Our specialist criminal lawyers have hand selected the best leading psychologists and psychiatrists in Australia who produce powerful and compelling reports to the Judge. Your senior lawyer will refer you to the best suited expert required for your case, then tailor a number of detailed questions for the expert to answer and incorporate into your final report.
Maximum penalty
The maximum penalty that the District Court can impose for this offence is up to 14 years imprisonment. The Courts generally do not give out maximum punishments, in fact, the maximum is reserved for the most serious offenders. The courts like to avoid full time prison where possible and only impose prison as a measure of last resort. Below are other options of punishment the Judge can give.
Types of penalties
There are many penalty options available other than full time imprisonment.
The type of punishment you end up getting depends mainly depends on the factors explained above.

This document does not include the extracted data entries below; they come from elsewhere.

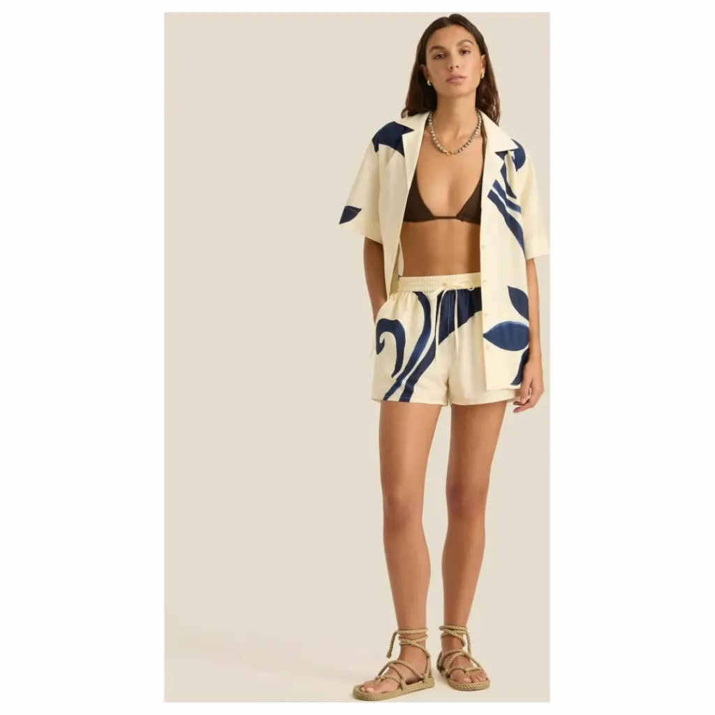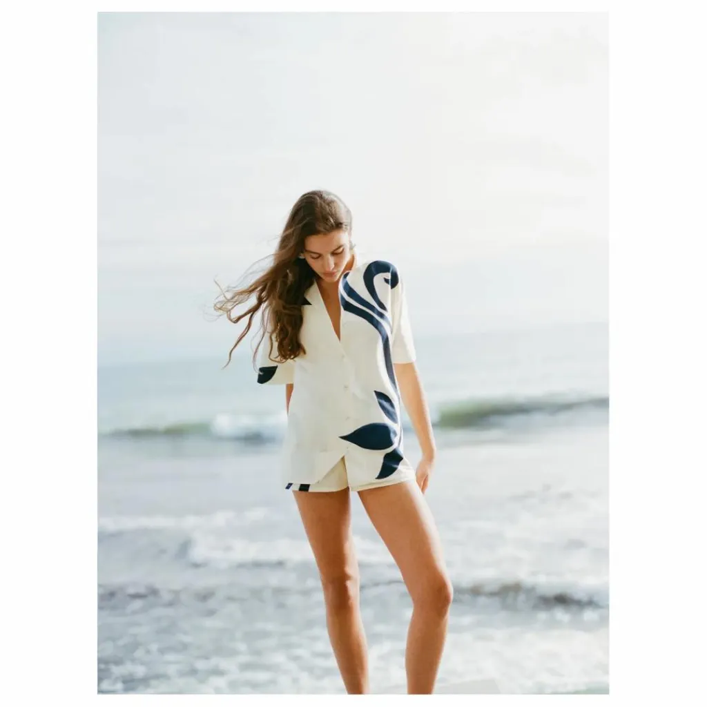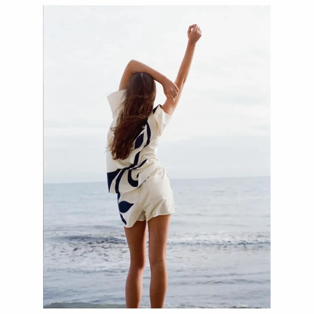- Le Dakota est un caleçon de style boxer à porter partout, doté d’une taille élastiquée et d’un cordon de serrage. Conçu pour être associé sans effort à la chemise Margot assortie de Soleil Soleil, le short ‘Dakota’ est un short à porter partout, avec une taille élastique et un cordon de serrage à nouer. Peint à l’origine à la main à l’aquarelle, ses boucles se déploient comme des roseaux au bord d’un étang.
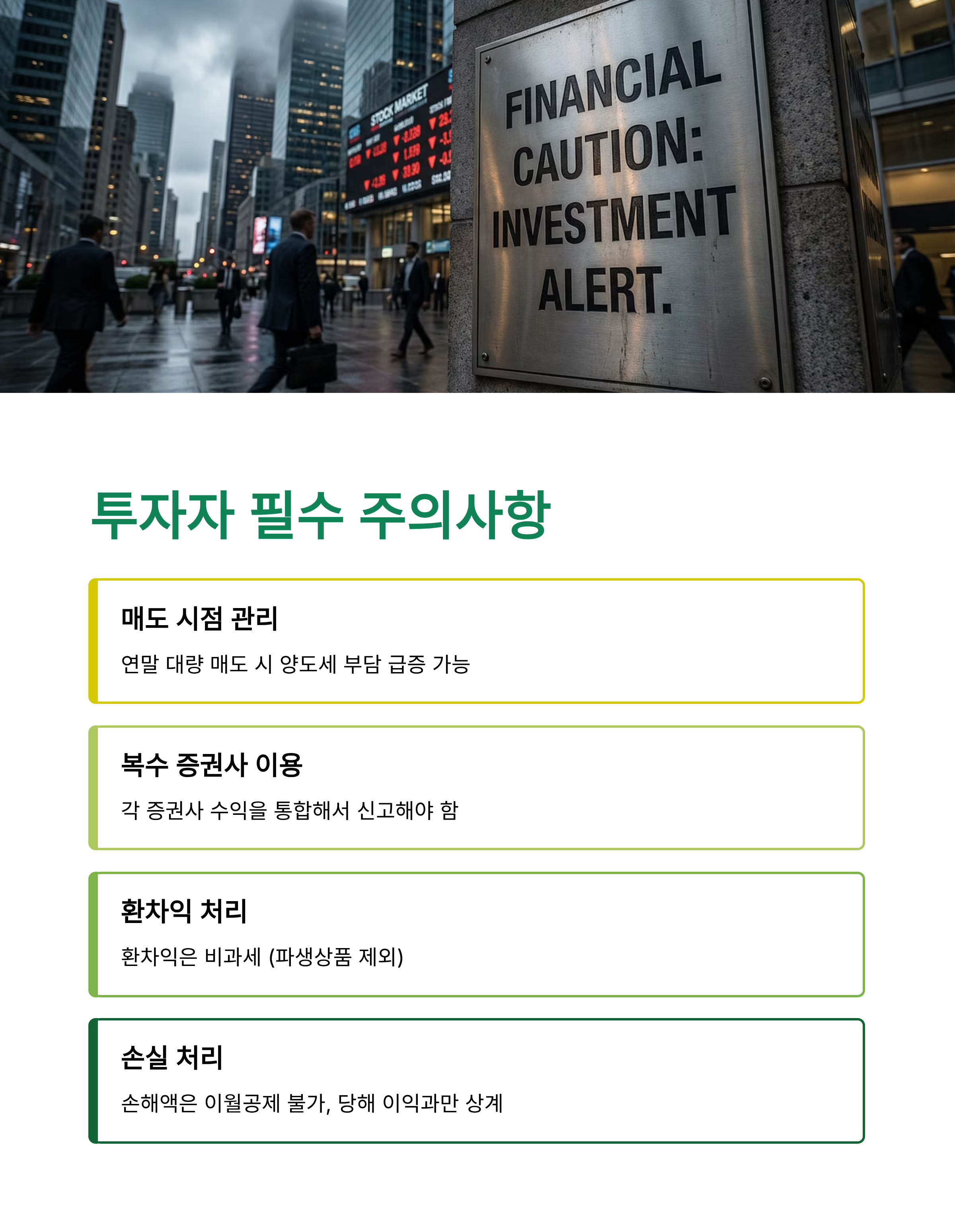 | 주식 매도 시점 | 연말에 대량 매도하면 양도세 부담 급증 가능성 |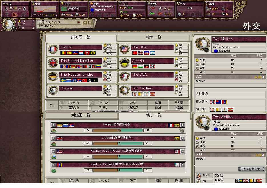 というかプロイセンの陸軍が0になってる。同盟する国間違えたかなあ(誰のせいだ

Penalties the court can impose on you include any one of the following:
- Section 10 Dismissal
- Conditional Release Order
- Fine
- Community Correction Order
- Intensive Correction Order
- Full Time Imprisonment
Our highly experienced Sydney criminal defence lawyers are extremely well versed with the law on aggravated break and enter. They regularly appear in court with exceptional results, which include section 10 non convictions and getting charges dropped or downgraded. Their experience and determination have seen them attain a proven high success rate in and out of court with a focus on first negotiating to drop your charges.
FAQ
This is where you break and enter into a house or building where you then commit any criminal offence (as long as the offence you commit once inside is one that carries a penalty of 5 years or more imprisonment i.e. stealing), in circumstances of aggravation.